- _EXERCISE BRIEF_
The needed output is the run of lines below from the one containing "(Left) mRNA expression" through the one containing "調べ終わると、近くのボードに", copied exactly and free of pictures.

#### PROVIDED DATA ####

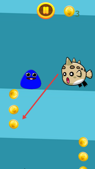 1、点击PLAY开始,操控蓝色果冻状角色在蓝色场景滚动,收集金币,避开尖刺鱼等障碍。
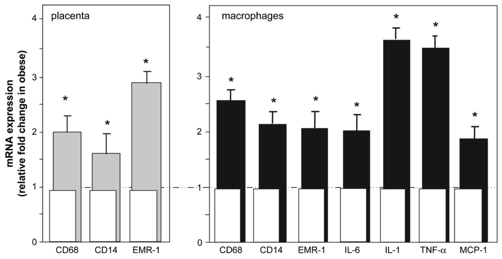 (Left) mRNA expression of macrophage markers in whole placenta villous tissue from obese (grey bars) and lean women (white bars). (Right) mRNA expression of inflammatory markers in isolated placental CD14+ macrophages in obese (black bars) and lean women (white bars). Mean ± SEM. From: Challier, J.C., et al. [114]. Expression values in lean women were set at one to assess fold change from this value in obese women. * p < 0.001 on obese compared to lean women.
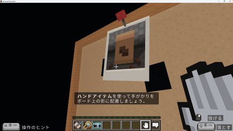 調べ終わると、近くのボードに行くように促される。ここで「手」のアイコンのハンドツールを選択し、ボードの下に貼られた写真を、黒い影に合わせて移動してピン留めしていく。
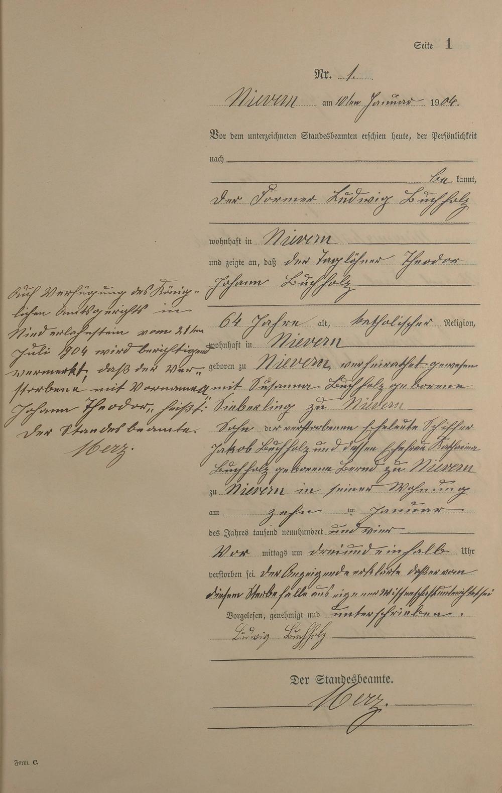 Sterberegister 1904

####

- _YOUR SOLUTION_
 (Left) mRNA expression of macrophage markers in whole placenta villous tissue from obese (grey bars) and lean women (white bars). (Right) mRNA expression of inflammatory markers in isolated placental CD14+ macrophages in obese (black bars) and lean women (white bars). Mean ± SEM. From: Challier, J.C., et al. [114]. Expression values in lean women were set at one to assess fold change from this value in obese women. * p < 0.001 on obese compared to lean women.
 調べ終わると、近くのボードに行くように促される。ここで「手」のアイコンのハンドツールを選択し、ボードの下に貼られた写真を、黒い影に合わせて移動してピン留めしていく。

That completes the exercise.